Quién no se ha encontrado alguna vez en una fiesta entre amigos, u otras reunio­nes de carácter social, a un hombre o una mujer dispuesto o dispuesta a todos los excesos y capaz de recurrir al más for­zado refinamiento para seducir?

¿Quién no ha sido “víctima”, aunque sea por bre­vísimos instantes, del poder de una “conquistadora de hombres” o de un “Don Juan”?

¿Por qué, nos preguntamos, algunas personas se obsesionan por agradar?

Con algunas mujeres sucede que ningún hombre logra permanecer indiferente a sus encantos femeni­nos, a sus maneras de moverse, a su “caída de ojos” y a toda la presencia sensual que emana de su cuer­po. Sus sonrisas, su atención toda y su disposición al diálogo interesan siempre.

En poco tiempo, esos hombres comprueban que la personalidad de estas muje­res es muy atractiva y quedan anonadados con ella; sucumben a sus encantos en cuestión de minutos.

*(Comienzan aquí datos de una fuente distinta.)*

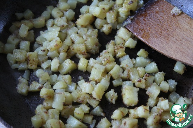 Отварной картофель нарезать кубиками, посолить и обжарить на растительном масле.
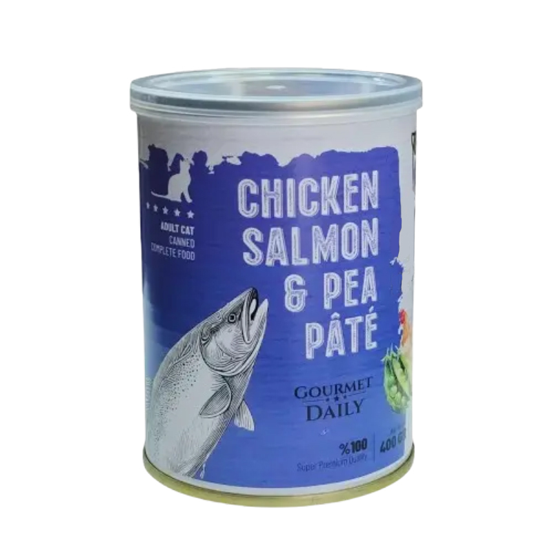 کنسرو گربه دی پی اس مدل پته با طعم گوشت مرغ و سالمون و نخود فرنگی وزن 400 گرم
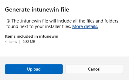 The Upload prompt contains the folder size and number of files included in the .intunewin file – to help avoid cases where more files are accidentally included:
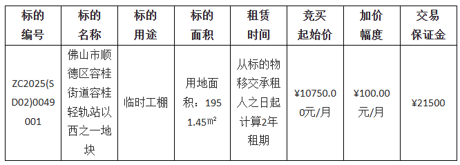 出租方采用网上竞价方式出租位于佛山市顺德区容桂街道容桂轻轨站以西之一地块租赁权竞投,欢迎符合资格的竞买人参与竞价。
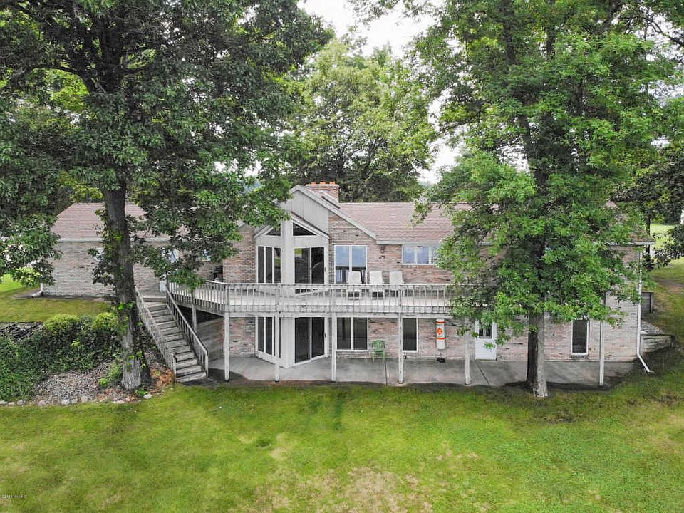 Lee Lake - 160 feet of WONDERFUL! Over 3400 finished sq ft, this home is turnkey. Living room and dining area have vaulted ceiling, fresh paint and brick gas log fireplace. Enormous kitchen offers center island with snack bar and copious amounts of cabinet and counter space. Dining area has an attractive view of the lake and access to the deck. Master suite offers access to the deck, a walk-in closet and en suite bath. Second bedroom and full bath are also located on the main floor. Main floor laundry doubles as mud room. Walkout basement has wood burning fireplace. Basement full kitchen has appliances and pantry. Two additional bedrooms offer seclusion from the main living area. Full bath has Jack and Jill doors and easily accessible when coming in from the lake. Smaller room is perfect for a den/study and has a built in safe. Bonus amenities: security system, generator, sprinkler system, all appliances, new roof in 2019, great fishing. Superb sunsets on this all sports lake!
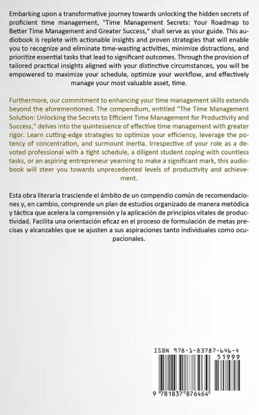 Embarking upon a transformative journey towards unlocking the hidden secrets of proficient time management, "Time Management Secrets: Your Roadmap to Better Time Management and Greater Success," shall serve as your guide. This audiobook is replete with actionable insights and proven strategies that will enable you to recognize and eliminate time-wasting activities, minimize distractions, and prioritize essential tasks that lead to significant outcomes. Through the provision of tailored practical insights aligned with your distinctive circumstances, you will be empowered to maximize your schedule, optimize your workflow, and effectively manage your most valuable asset, time. Furthermore, our commitment to enhancing your time management skills extends beyond the aforementioned. The compendium, entitled "The Time Management Solution: Unlocking the Secrets to Efficient Time Management for Productivity and Success," delves into the quintessence of effective time management with greater rigor. Learn cutting-edge strategies to optimize your efficiency, leverage the potency of concentration, and surmount inertia. Irrespective of your role as a devoted professional with a tight schedule, a diligent student coping with countless tasks, or an aspiring entrepreneur yearning to make a significant mark, this audiobook will steer you towards unprecedented levels of productivity and achievement. Esta obra literaria trasciende el ámbito de un compendio común de recomendaciones y, en cambio, comprende un plan de estudios organizado de manera metódica y táctica que acelera la comprensión y la aplicación de principios vitales de productividad. Facilita una orientación eficaz en el proceso de formulación de metas precisas y alcanzables que se ajusten a sus aspiraciones tanto individuales como ocupacionales.
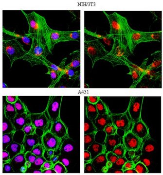 免疫细胞化学分析: 一个先前批次的1:500稀释液在NIH/3T3、A431、C2C12和 HeLa细胞中检测到细胞周期素D。
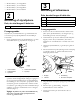 Opsætning Løsdele Brug skemaet herunder til at kontrollere, at alle dele er blevet leveret. Beskrivelse Fremgangsmåde 1 2 3 4 5 6 Antal Anvendelse Færdiggørelsessæt (sælges separat) 1 Monter et færdiggørelsessæt. Styrehjul 2 Monter styrehjulene. Løftearm, højre Løftearm, venstre Drejetap Låseclips Trykskive Gaffelbolt Låseclips Klippehøjdekrave Gaffelbolt Låseclips Bolt (1/2 x 3/4 tomme) Skive 1 1 2 2 4 4 2 2 2 2 2 2 Kræver ingen dele – Forbind kraftudtagsakslen til klippeenhedens gearkasse.
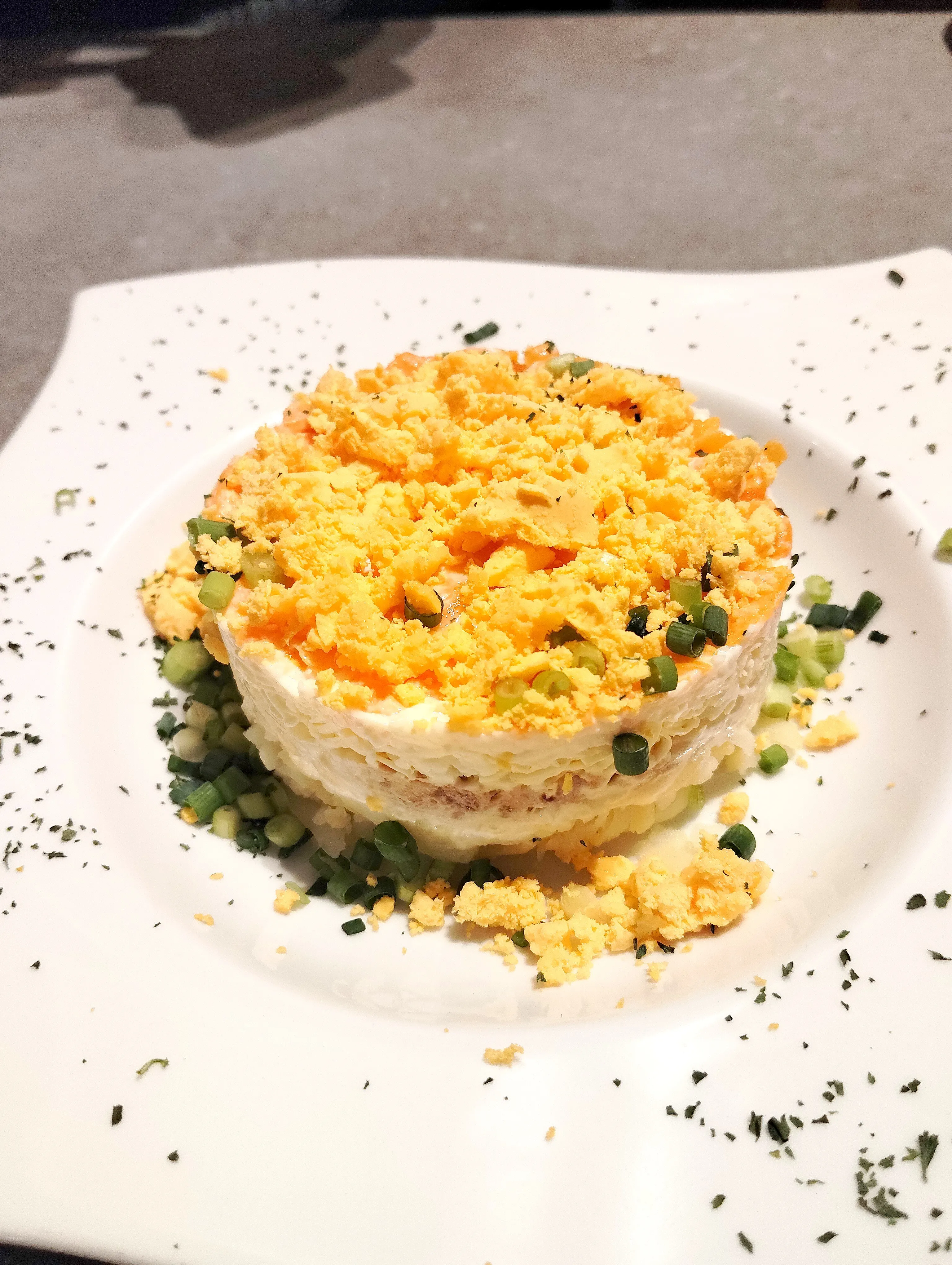 ポテト、ツナ、サバ、チ―ズを層にして最後に卵黄でミモザに見立てたサラダ😀とても美味しかったです!
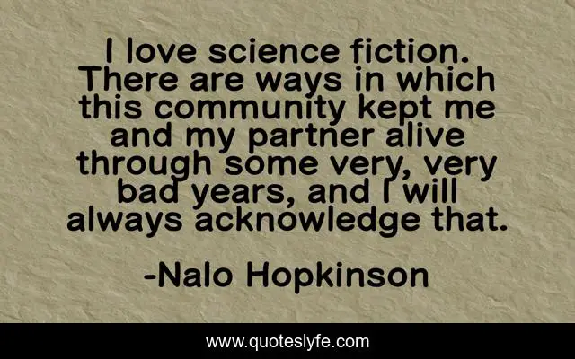 This page presents the quote "I love science fiction. There are ways in which this community kept me and my partner alive through some very, very bad years, and I will always acknowledge that.". Author of this quote is Nalo Hopkinson. This quote is about me, love, community, affection,.
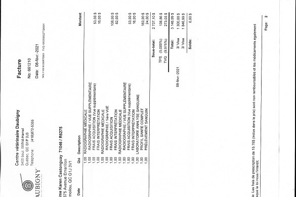 Normalement, j'ai un fond de prévoyance pour mes animaux, mais depuis la dernière année et demie on y a goûté question soins vétérinaires.  J’aimerais pouvoir repartir mon fond en allégeant le montant de ce dernier épisode santé animale.
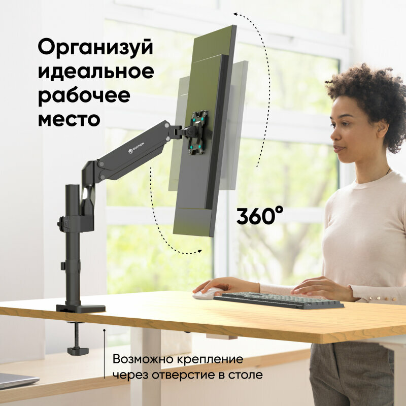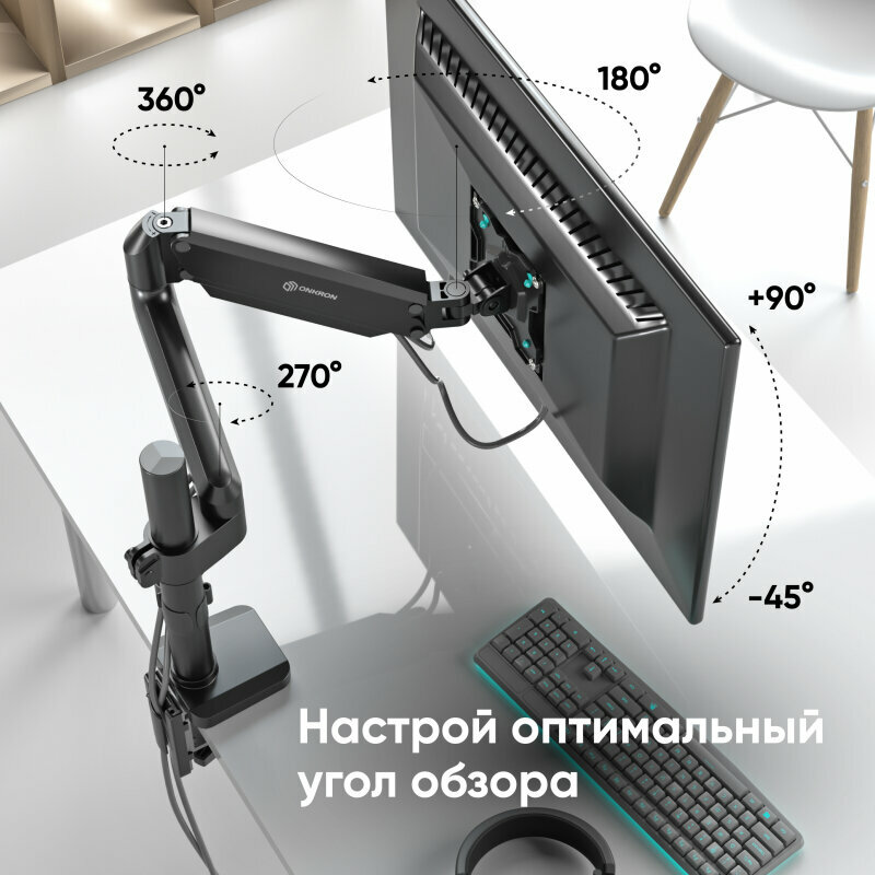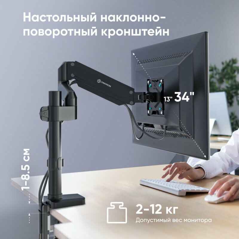 | Дополнительно | Настольный наклонно-поворотный кронштейн с регулировкой высоты для мониторов с диагональю до 34 дюймов., , Кронштейн Onkron G75 не оставит никого равнодушным, не только потому, что подходит для всех мониторов и телевизоров, диагональю от 13" до 34" и весом от 2 кг до 12 кг, радиусом изгиба монитора от 4000R до 1800R, что позволяет легко и просто передвигать монитор в любых плоскостях, и даже менять его положение по вертикали! Всё это благодаря газовой пружине, располагающейся внутри корпуса кронштейна, именно она может зафиксировать монитор в любом положении и менять его не прилагая существенных усилий. Поворачивайте монитор вокруг своей оси на 270°, наклоняйте вверх и вниз, придвигайте или удаляйте от себя, поднимите монитор повыше или опустите пониже – всё это может наш кронштейн Onkron G75. , , Кронштейн Onkron G75 предназначен для лёгкой установки на столешницу стола дома или в офисе. Один из основных плюсов его в том, что прикрепить к столешнице его можно любым из двух удобных для Вас способов:, , За край стола: зажав столешницу струбциной – это позволит переносить его в последствии в другое место, не повредив при этом покрытие стола., Свободная установка |
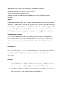 In older adults living with diabetes, there is a higher prevalence of frailty and a greater risk of cognitive impairment. Cognitive frailty is defined by the presence of both and is associated with an increased risk of mortality. A systematic review was undertaken to estimate the prevalence of cognitive frailty in community-dwelling older adults living with diabetes and associated risk factors. This commentary critically appraises the review and explores the implications of the findings for community practice.
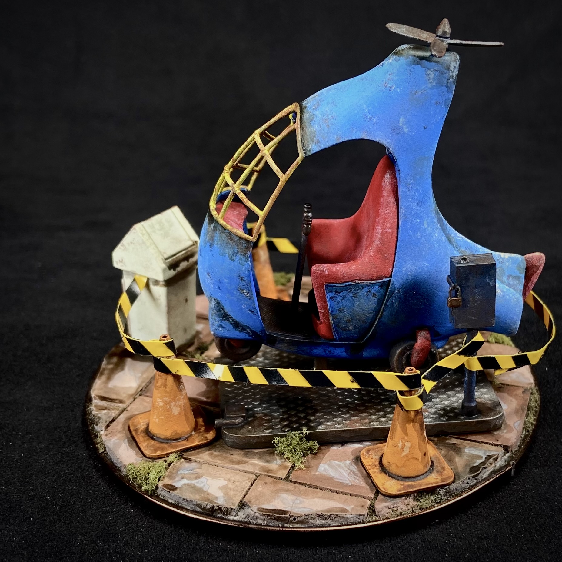 Retro Twirlybird coin-operated kiddie ride. Completely designed, 3D modelled (Blender), and resin printed from scratch using reference photos.
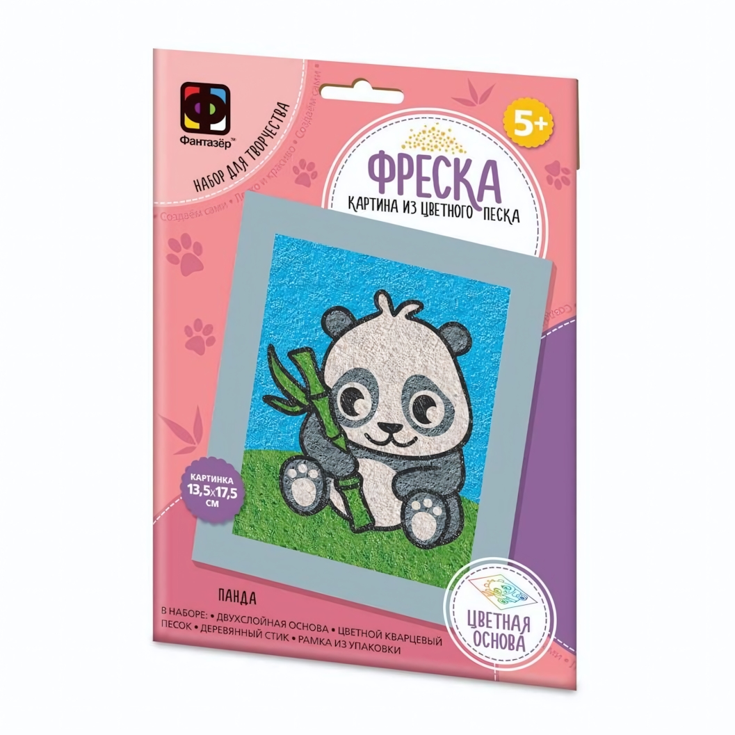 Создайте яркую картину своими руками и подарите ребенку увлекательные минуты творчества. Фреска с очаровательной пандой превращает игру с песком в полноценный художественный процесс, который развивает фантазию и приносит радость от собственного результата. Готовая работа станет украшением комнаты или приятным подарком для близких.
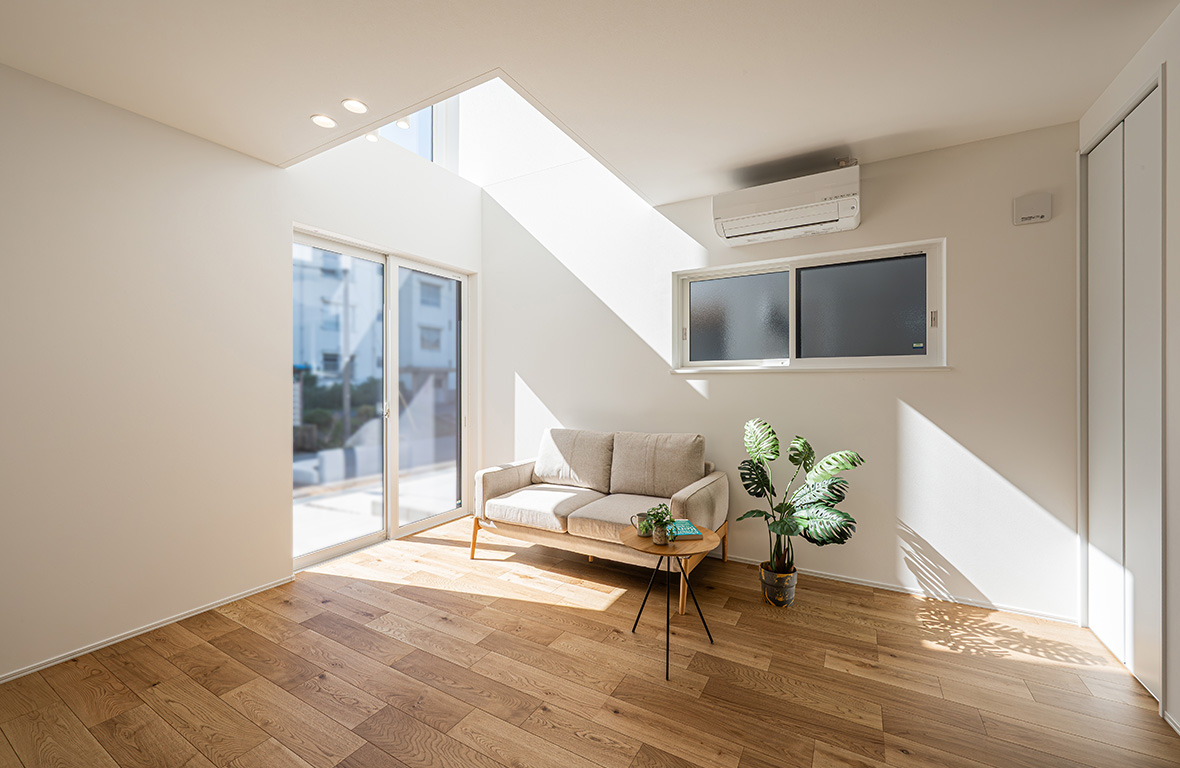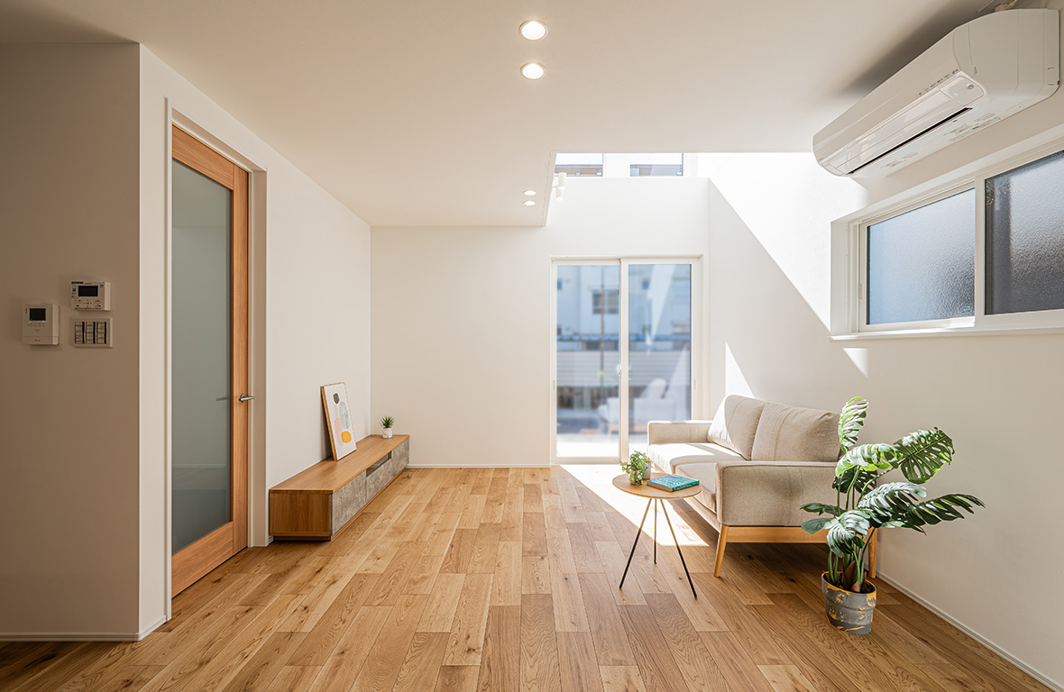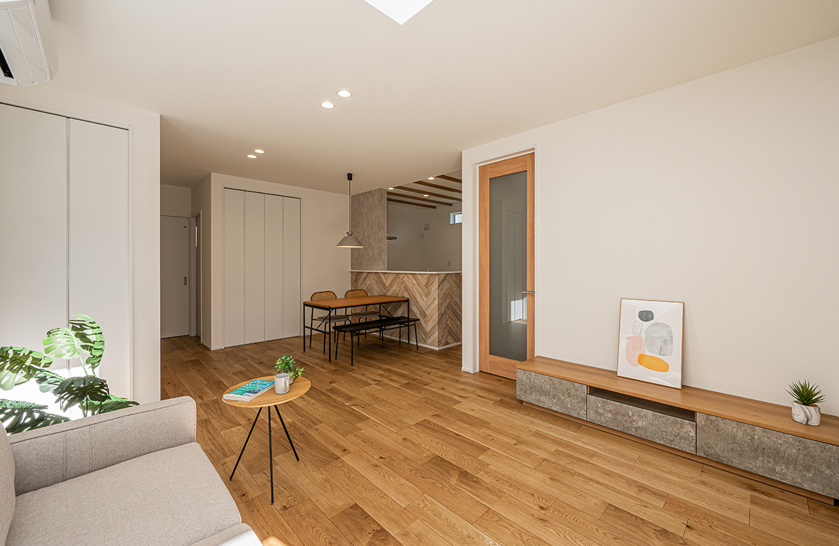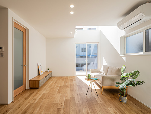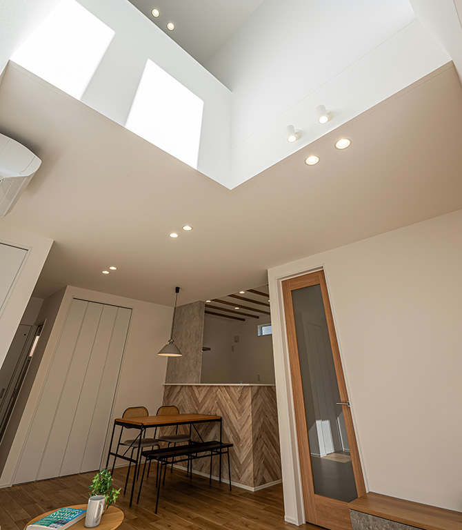 LDKに吹抜を設ける事で、間接光が安定的に採りこめ明るく開放的な空間になります。帖数以上の広がりを感じます。吹抜のハイサッシからたっぷりと光が射し込み、LDK全体が明るくなります。

Asimismo, estas mujeres saben, se dan cuenta, son perfectamente conscientes, de que sus actitudes de femme fatale irritan, crispan y enojan a otras mu­jeres. Ellas las consideran unas pícaras arribistas, pro­vocadoras que no se detienen ante nada para con­seguir sus fines. Si el asunto es bailar, los hombres se la disputan para invitarla a hacerlo. Sueñan “hacer el amor” con ellas, y, secretamente, “poseerlas”.

Por lo pronto, estas mujeres son felices con el hecho de ser el centro de atención de la fiesta, de seducir y suscitar admiración entre la presencia masculina.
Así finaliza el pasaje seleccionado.